1. A coating composition comprising a main agent containing a hydroxyl group-containing acrylic resin (A) and a hydroxyl group-containing polyester resin (B), and a curing agent containing a polyisocyanate compound (C),
   The hydroxyl group-containing acrylic resin (A) has a hydroxyl value of 100 to 200 mgKOH / g and a glass transition temperature of less than −20 ° C.
   Based on the total amount of polymerizable unsaturated monomers (a1) to (a3),
   Methyl methacrylate (a1) 15 to 35% by mass,
   5-30% by mass of polymerizable unsaturated monomer (a2) having a hydroxyalkyl group having 4 to 9 carbon atoms, and 35-80% by mass of other polymerizable unsaturated monomer (a3)
   Is a hydroxyl group-containing acrylic resin obtained by reacting
   Polyhydric alcohol and polybasic acid having a hydroxyl value of 50 to 200 mg KOH / g and a number average molecular weight of 2,000 to 20,000 and containing a cyclic polyol compound (b1) having a nurate structure A hydroxyl group-containing polyester resin obtained by reaction with
   The polyisocyanate compound (C) is at least one selected from the group consisting of a biuret group-containing polyisocyanate compound and an allophanate group-containing polyisocyanate compound;
   A coating composition having a glass transition temperature of 20 to 60 ° C. of the obtained coating film.

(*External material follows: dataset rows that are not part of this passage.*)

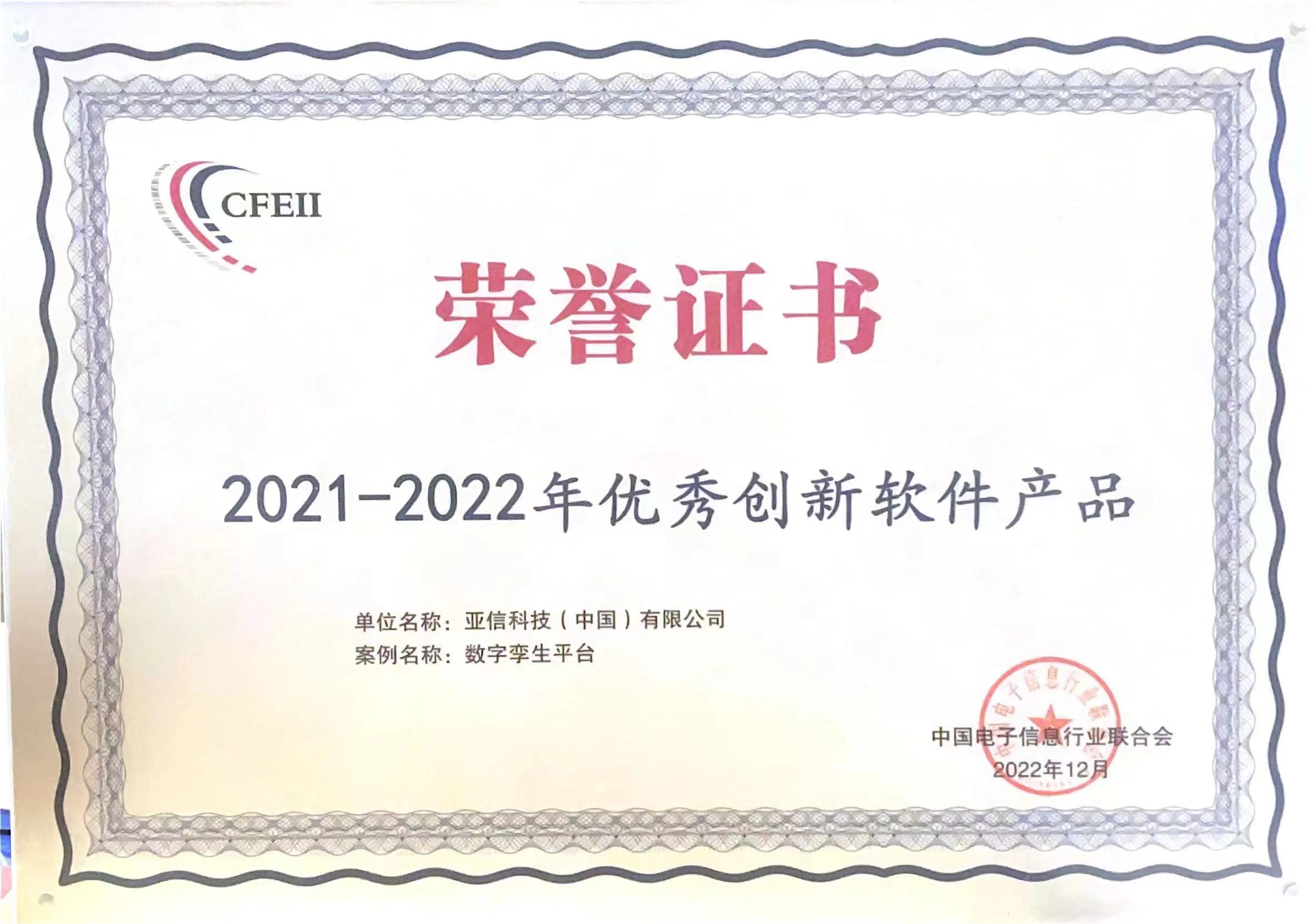 2022年12月 304am永利集团数字孪生平台荣获“2021-2022年优秀创新软件产品”
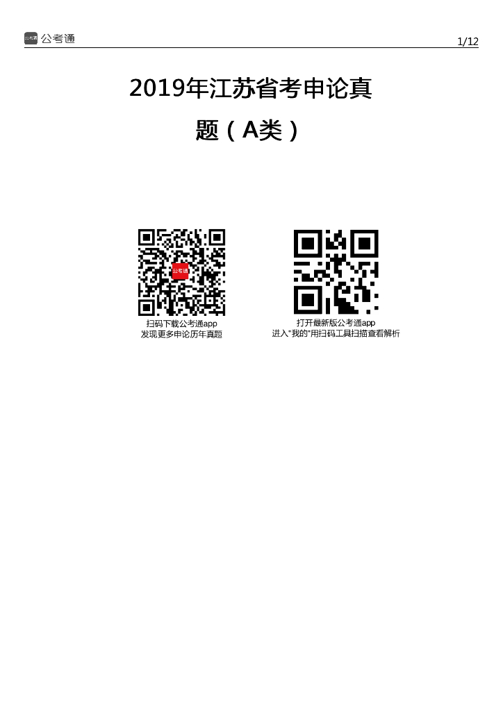 2019年江苏公务员考试申论真题及答案(A类).pdf
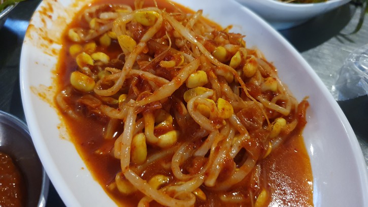 콩나물무침입니다. 불판에 익은 김치가 있어서 그런지 이 콩나물 무침에는 손이 많이 가질 않았네요.

2. The coating composition according to claim 1, comprising 10 to 80 parts by mass of the hydroxyl group-containing acrylic resin (A) and 20 to 90 parts by mass of the hydroxyl group-containing polyester resin (B) based on the resin solid content in the main agent.
3. The coating composition according to claim 1 or 2, wherein the obtained coating film has a molecular weight between crosslinks of 300 to 1,000.
4. 4. A method of applying a coating composition according to any one of claims 1 to 3 to a plastic substrate.
5. A coated article obtained by coating the plastic substrate with the coating composition according to any one of claims 1 to 3.